An auction was Junk Ranch founder Amy Daniels’ gateway drug into serious junking. She can’t remember what inspired the trip out to a farm sale with her sister Holly, but once she was there, she was hooked.

Friday’s entry fee to the Junk Ranch is $10, versus $5 for Saturday; many people pay to shop on Friday to make sure they don’t miss anything they might have seen a Junk Ranch vendor post on social media. “There’s nothing to see someone bum-rushing the gate, on a mission,” says the Junk Ranch’s Amy Daniels of the show’s enthusiastic shoppers. “You can tell when people are almost flat-out running, trying to get somewhere.” (Courtesy Photos/Lara Jo Hightower)

“I think I just learned about them, that there were good deals, and it was something I had never done, so I thought, ‘Let’s go do this,’” she remembers. “I think the first thing I bought at an auction was a pretty ratty quilt.”
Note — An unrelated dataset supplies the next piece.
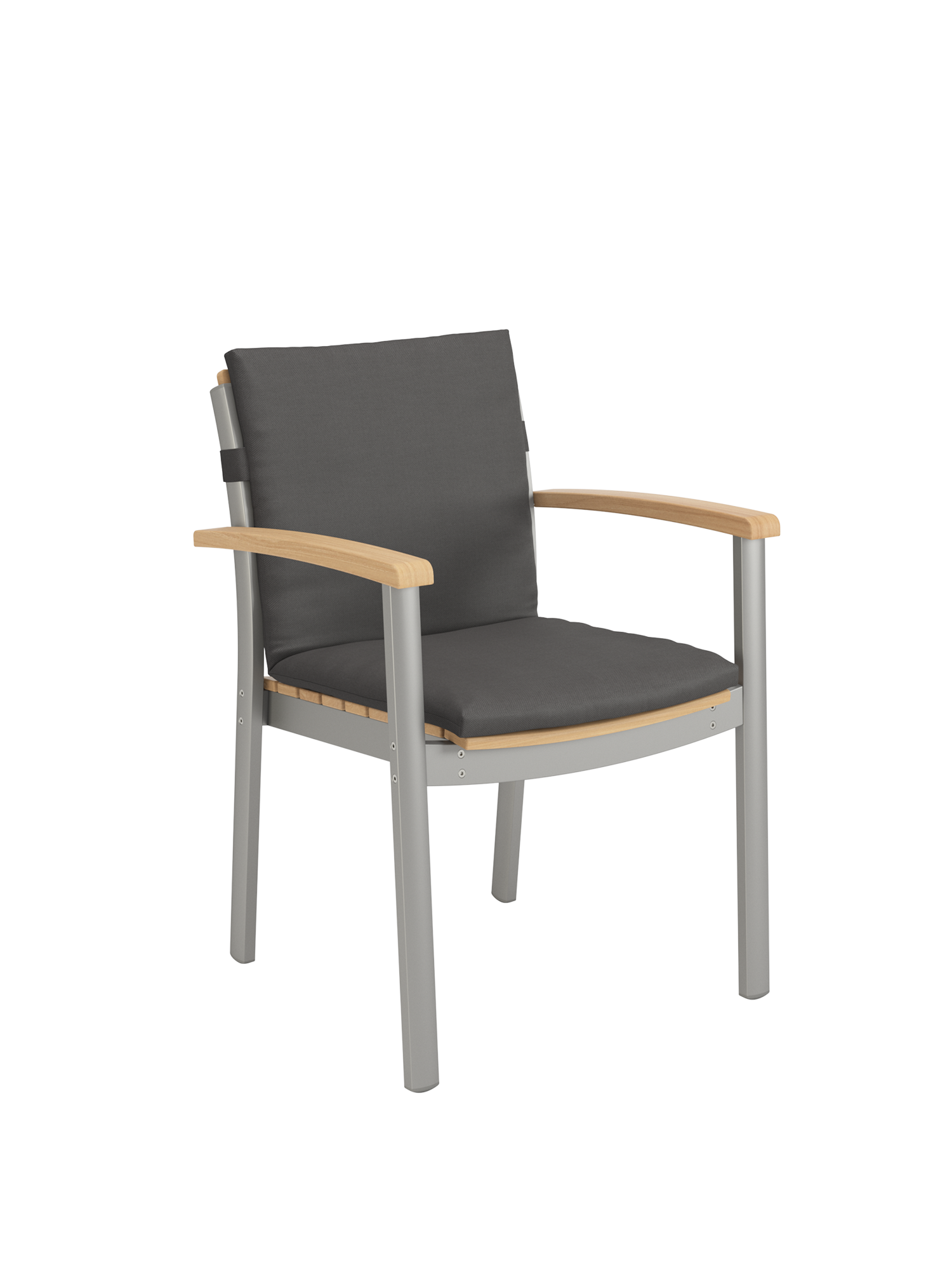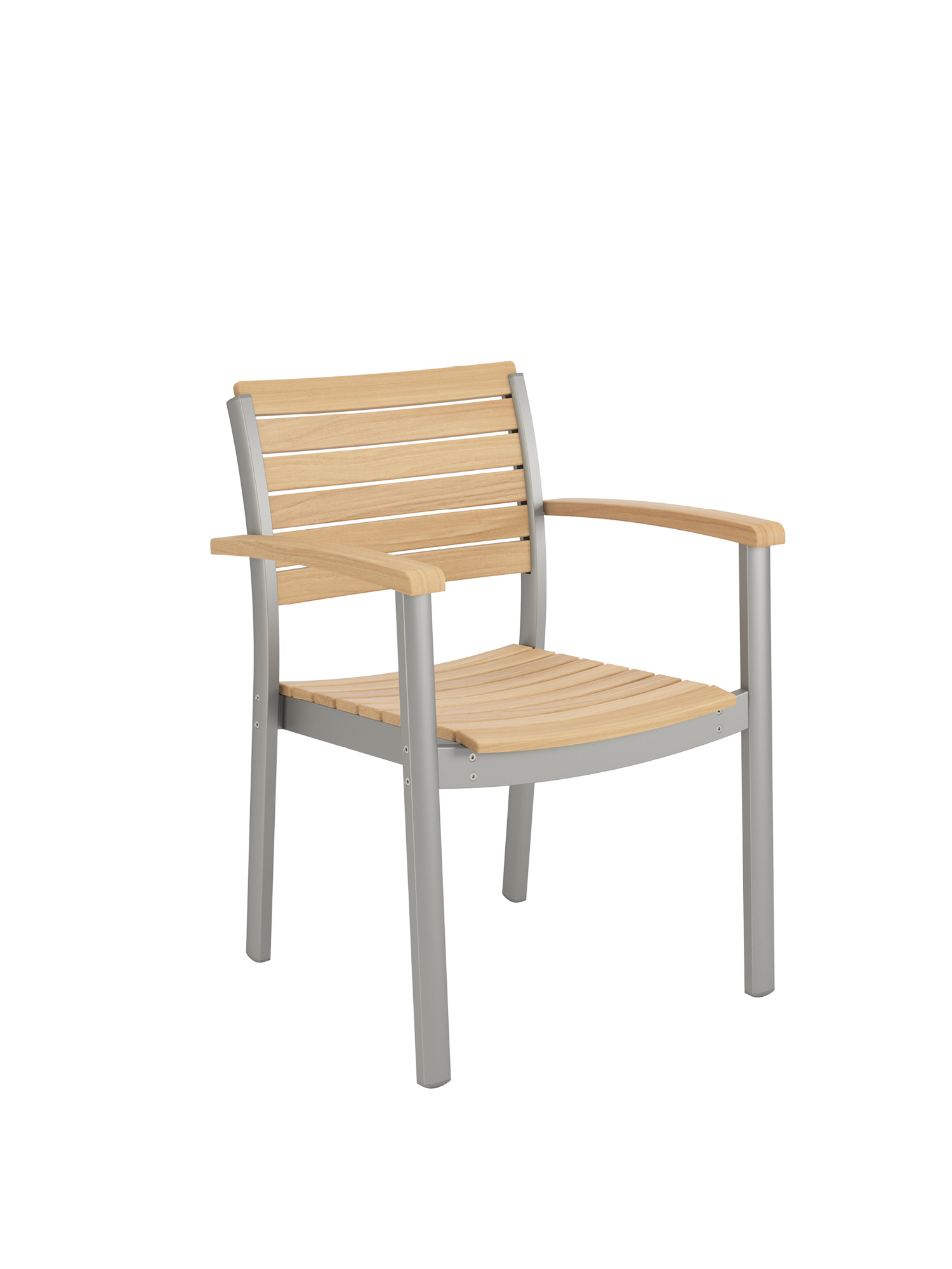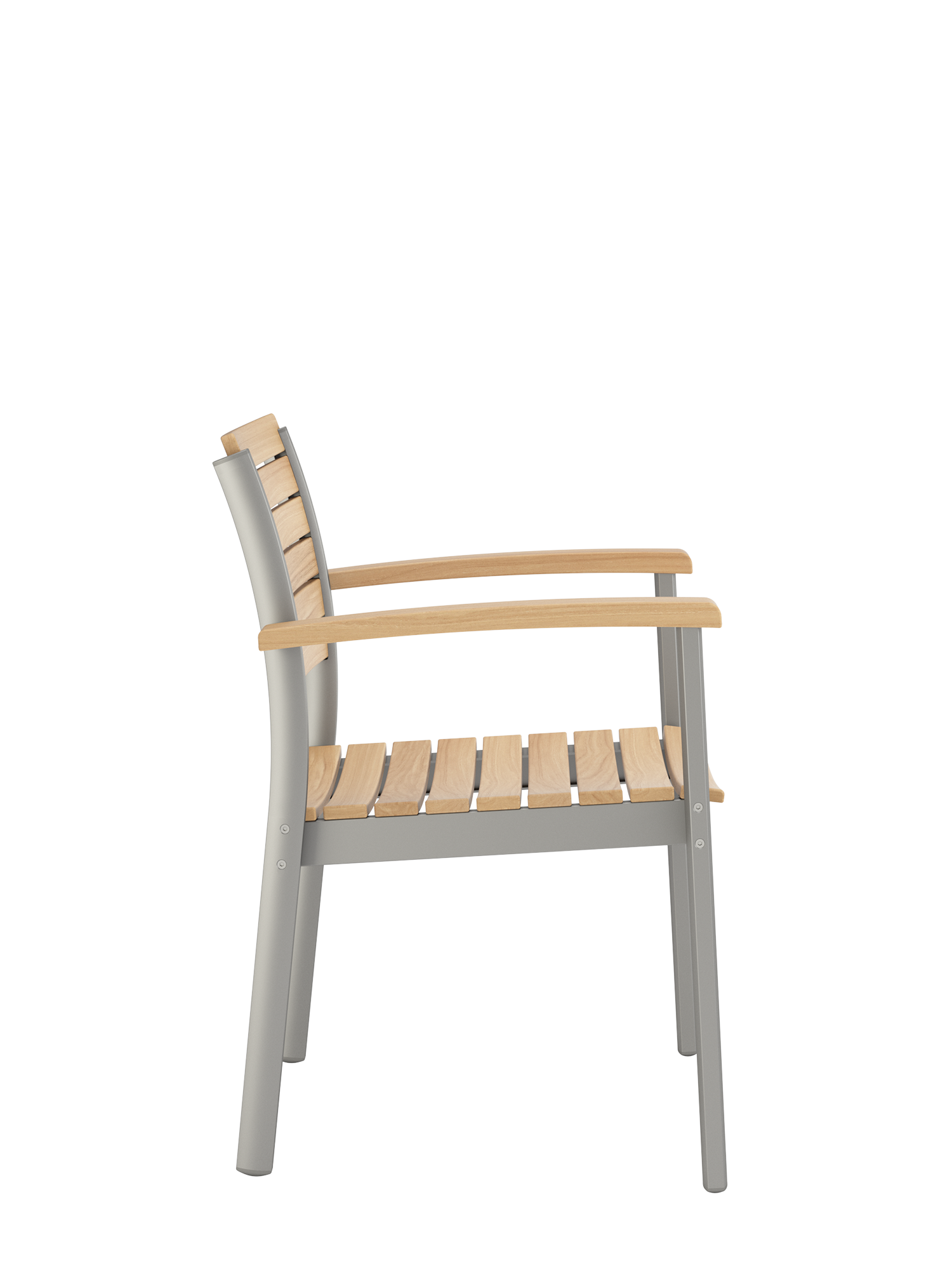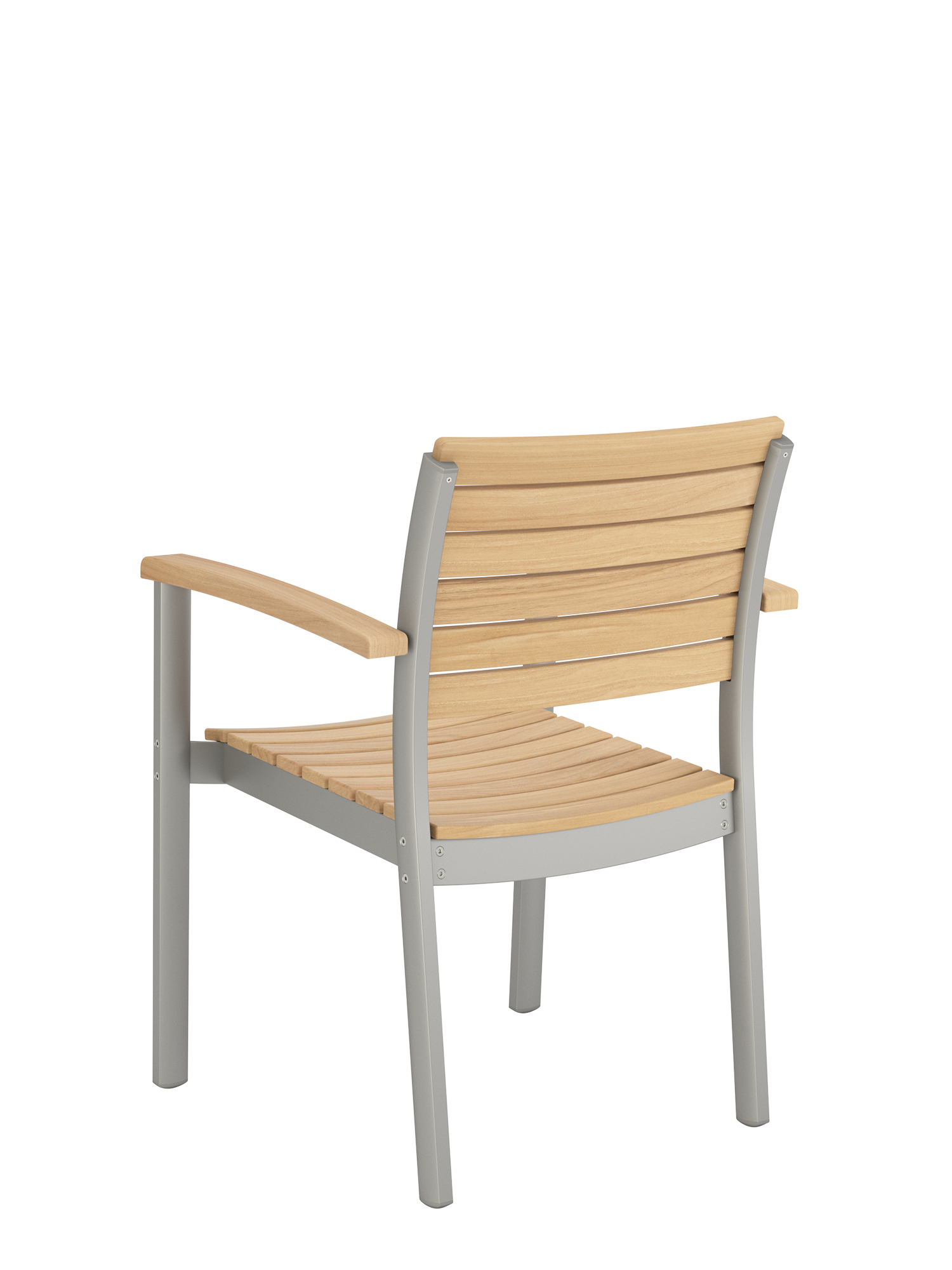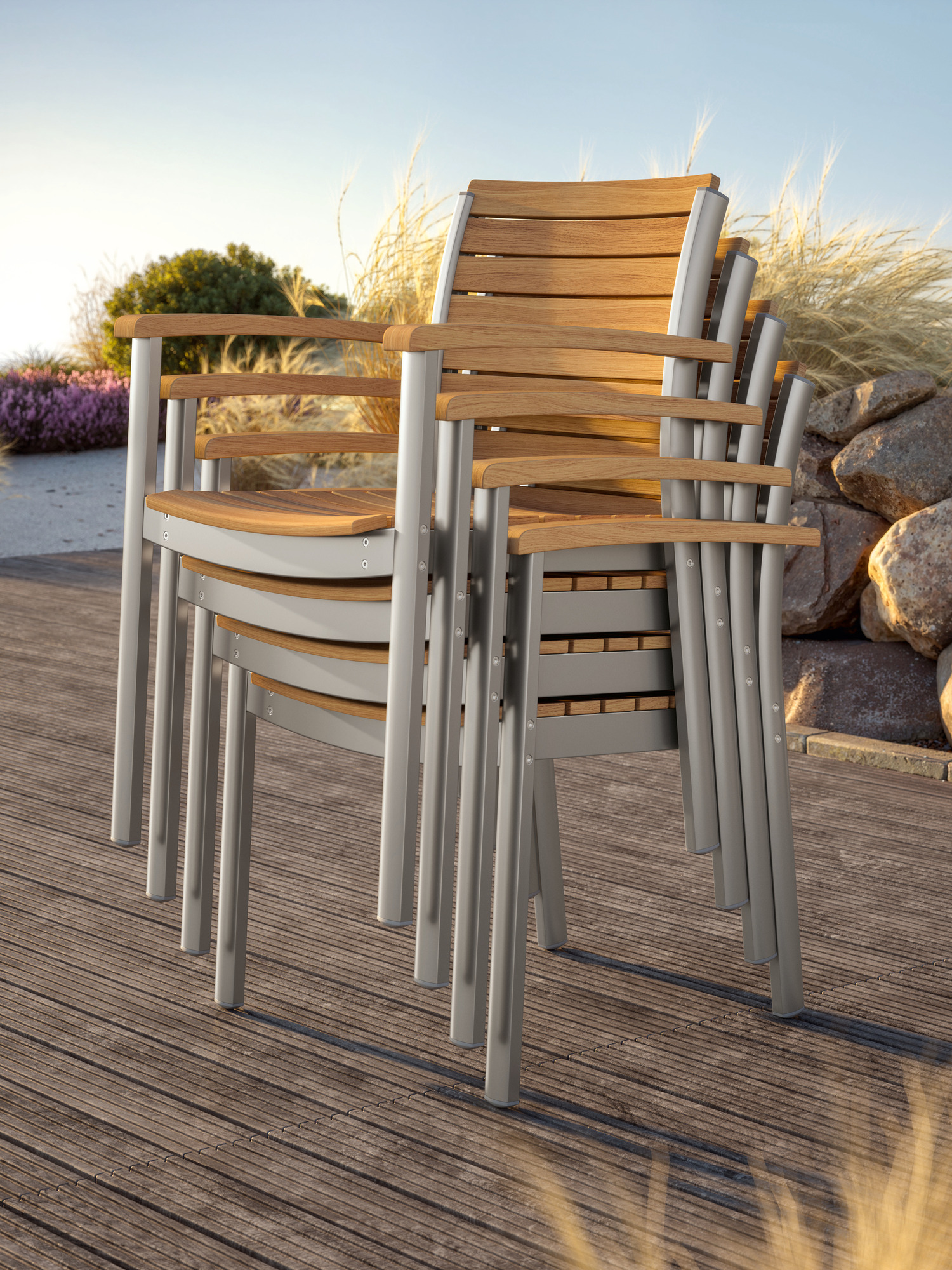Hier werden langlebige Materialien perfekt in Szene gesetzt: Die eloxierten Profile des seidig glänzenden Aluminiumgestells umfassen passgenau die ergonomisch modellierten Teakleisten an Sitz und Rückenlehne. Und verleihen dem stapelbaren Designklassiker eine moderne Note.

Flea markets and tag, estate and yard sale addiction soon followed.

“I remember the first time I learned about haggling,” she says, laughing. “One of the first things that I haggled on was a $1 item. I look back at that now and think: ‘I would have run me off!’ But I did get it for 50 cents.”

Daniels’ parents-in-law owned an antique store, so it didn’t seem odd when Daniels started moving in the direction of selling as well as buying.

“I just kept going, and just like everybody else, you start sifting out things that you’re not interested in, or you buy things that you get by the boxful, and then you’re like, ‘What am I going to do with all of this?’” she says. “So I had a tent sale at my sister’s house: We set up a big tent, rented a bunch of tables — it was kind of crazy. I think we maybe broke even.”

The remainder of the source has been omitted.